Victor returned from his outing with Clerval to find a letter from his father, Alphonse. The letter is quoted from first-person point of view of his father.
Alphonse begins the letter alluding to a tragedy that has befallen Victor's family, as a warning to Victor to not anticipate a warm and happy home on his return to Geneva. Alphonse agonizes over how he can tell Victor the horrible news before stating that Victor's youngest brother, William, had been murdered.
The previous week, Ernest and William had been playing a hiding game when William disappeared and Ernest could not find him. Alarmed, the family began searching for the boy. Night fell and they looked with torches until Alphonse found Williams' body, with marks of strangulation on his neck.
When Elizabeth saw his neck she cried out that she had caused the murder and then fainted. Reviving her, Alphonse learned that Elizabeth had put a locket necklace with the picture of Victor's mother, Caroline, around William's neck, and she believed the murderer had strangled William for the locket picture.
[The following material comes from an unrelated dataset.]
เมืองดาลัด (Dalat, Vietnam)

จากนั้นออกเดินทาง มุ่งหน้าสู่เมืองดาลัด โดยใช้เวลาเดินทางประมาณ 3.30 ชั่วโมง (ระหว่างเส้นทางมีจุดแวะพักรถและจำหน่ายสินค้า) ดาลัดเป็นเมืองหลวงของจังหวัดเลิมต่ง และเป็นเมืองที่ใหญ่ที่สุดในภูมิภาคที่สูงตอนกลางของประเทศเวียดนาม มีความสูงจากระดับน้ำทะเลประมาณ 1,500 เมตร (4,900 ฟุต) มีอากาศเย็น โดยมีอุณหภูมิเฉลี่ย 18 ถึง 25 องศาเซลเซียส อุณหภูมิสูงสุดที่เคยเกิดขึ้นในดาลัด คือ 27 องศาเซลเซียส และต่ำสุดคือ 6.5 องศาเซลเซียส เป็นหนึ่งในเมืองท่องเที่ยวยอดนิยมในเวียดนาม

The necklace remained on William, but the picture of Caroline was gone. They are all convinced it was the motive of the murderer, of whom they have not found a trace. Alphonse implores Victor to come home and comfort Elizabeth and to grieve with the family, and not to seek out the murderer for revenge. He thanks God that Caroline was not alive to experience William's death.
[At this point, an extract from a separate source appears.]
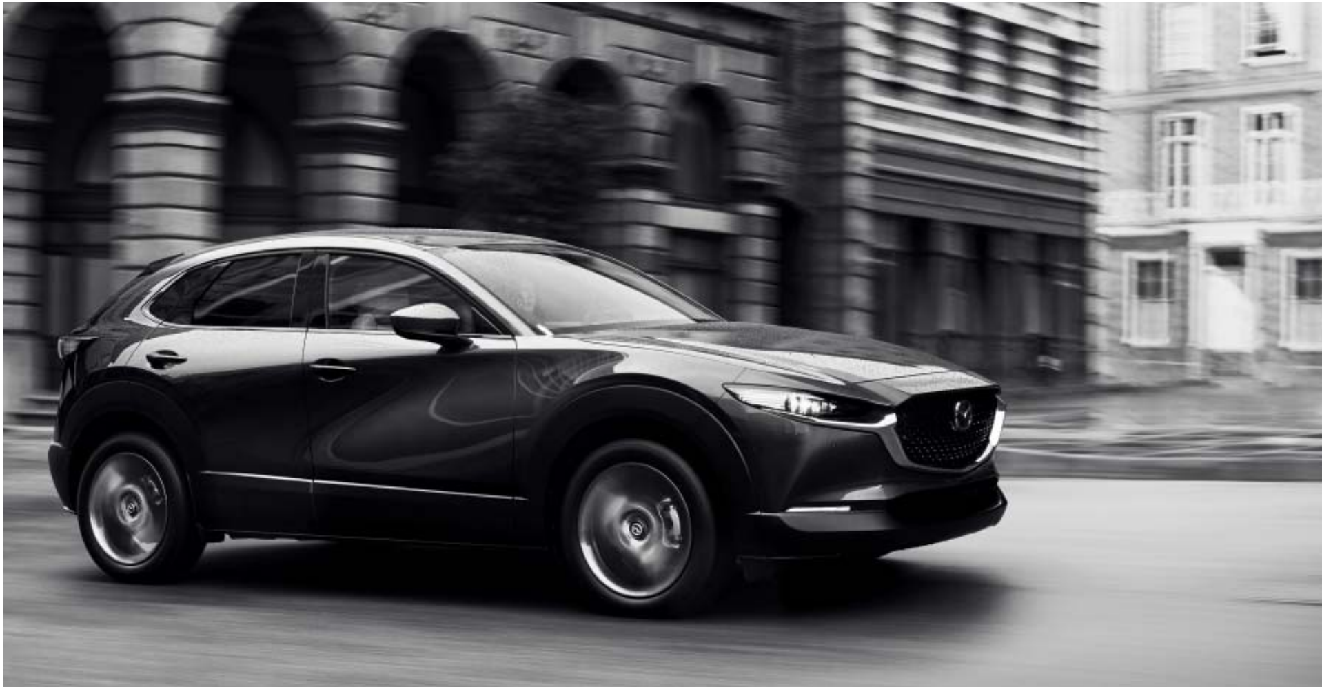
Foto: Mazda CX-30 als Luxury uitvoering in Soul Red Crystal

The narration shifts back to Victor's account of past events. Victor threw down the letter and began to cry. Clerval looked at him with bewildered concern, and then read the letter while Victor paced the room. Crying as well, Clerval expressed his feelings of helplessness. Victor wanted to start for Geneva right away, and Clerval walked with him to order the horses. On the way, Clerval mourned for the angelic William, and then decided that he was safe and peaceful now and pity should be reserved for those who were grieving. Victor said goodbye to Clerval and rode from Ingoldstadt.
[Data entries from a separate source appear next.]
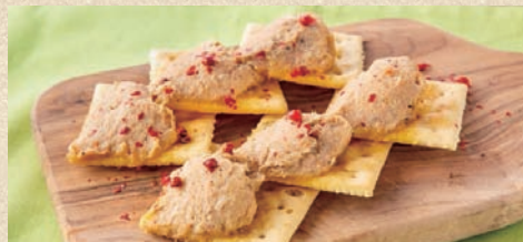
自家製ポークリエット&クラッカー Homemade pork rillettes and crackers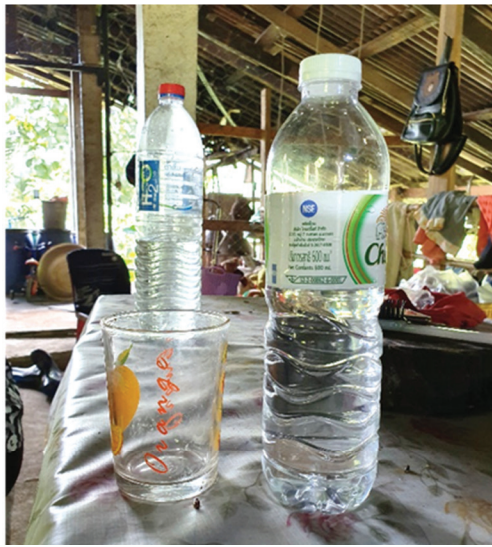
ภาพที่ 15 ราคาสุราเถื่อนแบบแก้ว-ขวดเล็ก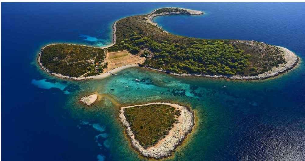
Slika 5. Viški Arhipelag.

„Projektom „Otoci u moru znanja“ namjerava se putem organizacije treninga za edukatore, prevoditelje aktivnosti udruga uključenih u projekte te putem osmišljavanja inovativnih i interaktivnih edukativnih sadržaja osposobiti udruge za provedbu niza aktivnosti kojima će se popularizirati STEM i organizirati različiti programi edukacije iz područja prirodoslovlja za djecu i mlade.“ (Geopark Viški Arhipelag, 2022, str. 12). Već su u 2022. godini započele aktivnosti ovog projekta kroz radionice koje su bile organizirane za djecu. U 2023. godini je planiran nastavak održavanja radionica za jačanje kapaciteta i organizacija terenske nastave za djecu iz OŠ Komiža te OŠ Vis. Ovim projektom se želi osigurati bolje korištenje informacijskih kao i komunikacijskih tehnologija, sa svrhom prenošenja prirodoslovnih znanja o morskom okolišu te popularizaciji sadržaja o biologiji, kemiji i fizici mora.

At first, Victor hurried his journey to Geneva, but soon began to worry that his hometown would have changed dramatically. The thought troubled him until he realized that the most soothing surroundings, those of nature, wouldn't have changed. He continued on to Geneva. At the sight of familiar mountains and lakes, Victor wept at their serene beauty, believing they mocked his sorrow, but also delighted in these natural reminders of his happy youth.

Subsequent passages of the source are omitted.